If Dish sticks to its ambitious plans to support network slicing and a wholesale-only model there will be new service providers riding on its 5G infrastructure, and new options for mobile enterprises. And the FCC will conduct a steady stream of spectrum sales, the latest being in the 3.45 GHz band, to enable new services and providers, as well as to boost the arsenals of the majors.  

 

If midband spectrum has taken the brakes off the USA’s 5G roll-out, the activities of Dish and the cablecos will help to drive the big three to innovate in their new airwaves, rather than just continuing the usual head-to-heads in data rates, prices and devices.  

 

There are two other sets of beneficiaries from the 5G acceleration.  

 

One is the towerco sector. According to tower industry analysts at Wells Fargo, in a recent report, T-Mobile has a long term goal of 85,000 5G macro sites, which AT&T and Verizon – currently with about 70,000 apiece – will need to match to achieve nationwide 5G coverage. Wells Fargo predicts more than 20,000 site overlays in 2022 and believes TMO “is well on track to upgrade about 55,000 sites by 2023, with more likely to come as it expands distribution of both mobile and fixed wireless offerings to rural America”.  

 

They think Dish will activate 15,000 sites by 2023 and then make a bigger push in 2024 and 2025 (Dish has its MVNO deal with AT&T, which replaced its TMO agreement, to fall back on, in terms of coverage).
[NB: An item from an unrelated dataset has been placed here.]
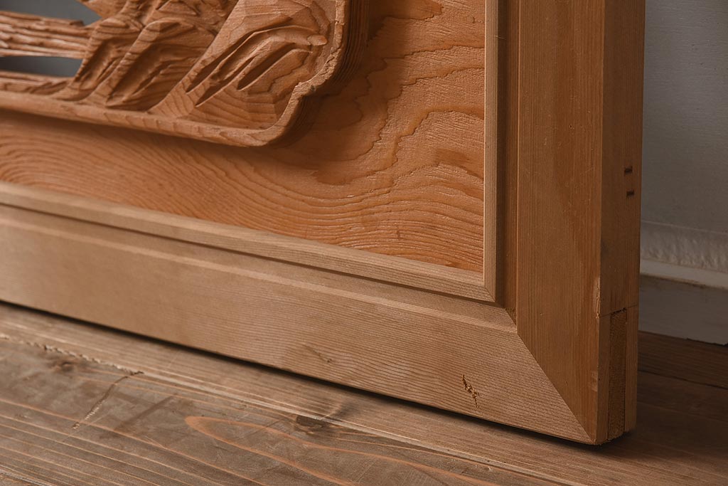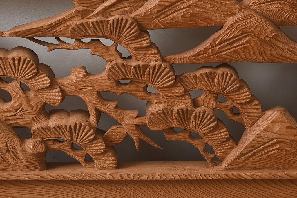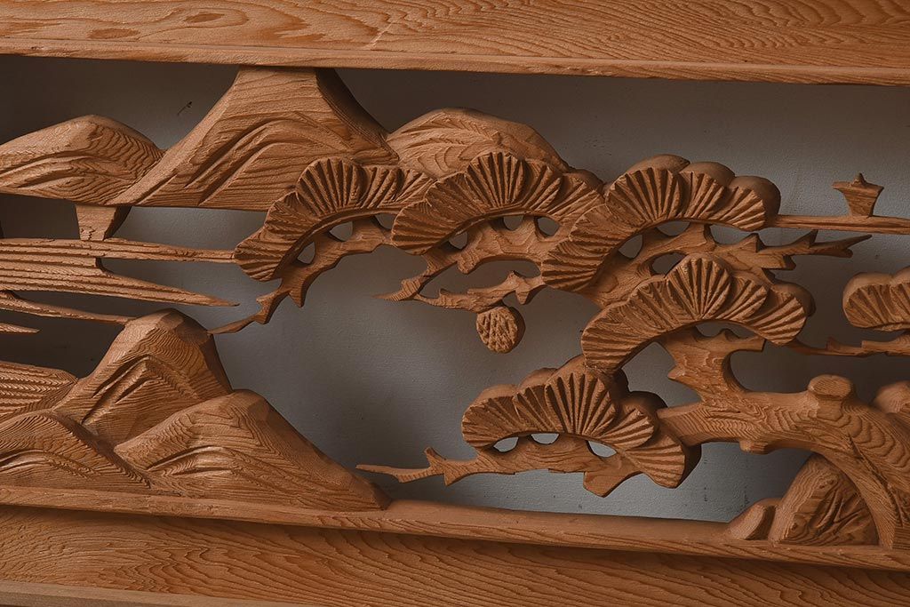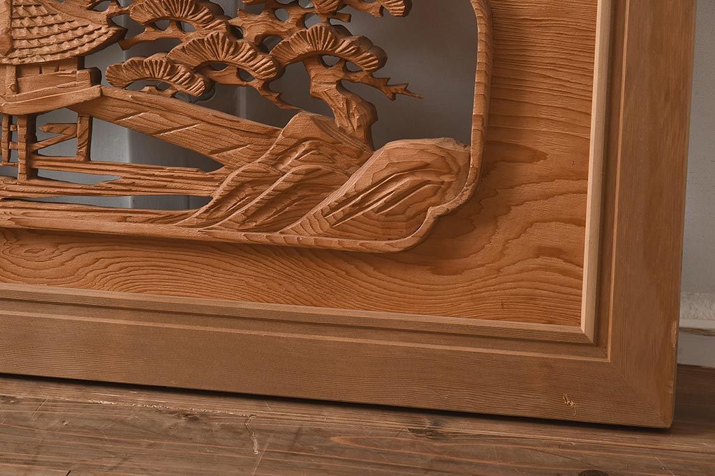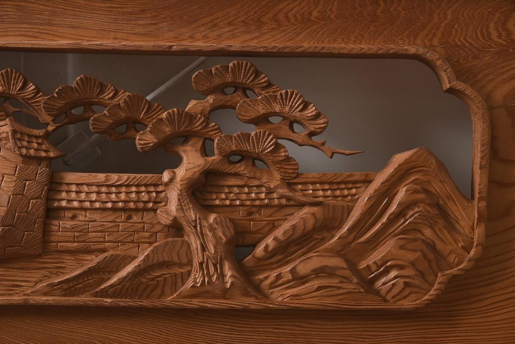 ビンテージ家具 昭和中期 近江八景 情緒溢れる彫刻欄間(明り取り、明かり取り、ガラス無し)(R-040657)
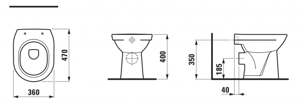 - inštalácie: usadením na podlahu, pre závesnú splachovaciu nádržku

In the report, the analysts wrote: “While Dish has publicly talked about hitting a 70% coverage goal by 2023, the reality is that they only need to hit a 50% threshold by June 2023 (not 70%), with the 70% requirement extended out to June 2025 to cover full economic areas.” The USA’s third towerco, SBA, has reportedly won the largest share of the Dish business. 

 

The other beneficiaries are the 5G RAN and core vendors, especially as the operators roll out brand new sites and migrate to 5G Standalone, which will entail bigger spending than in the 5G Non-Standalone phase. The USA has been in the forefront of the Open RAN movement, partly because of government pressure to exclude Chinese suppliers while encouraging a more homegrown 5G industry. Dish’s inclusion of Samsung in its RAN adds another vendor to its roster, though one that is already well established in the US 5G market. The older operators, despite pledges to deploy Open RAN, have been cautious so far about diversifying their supply chains significantly outside of rural trials, but as they accelerate their roll-outs, and introduce small cells to the mix, there are likely to be more opportunities to work with a wider range of partners.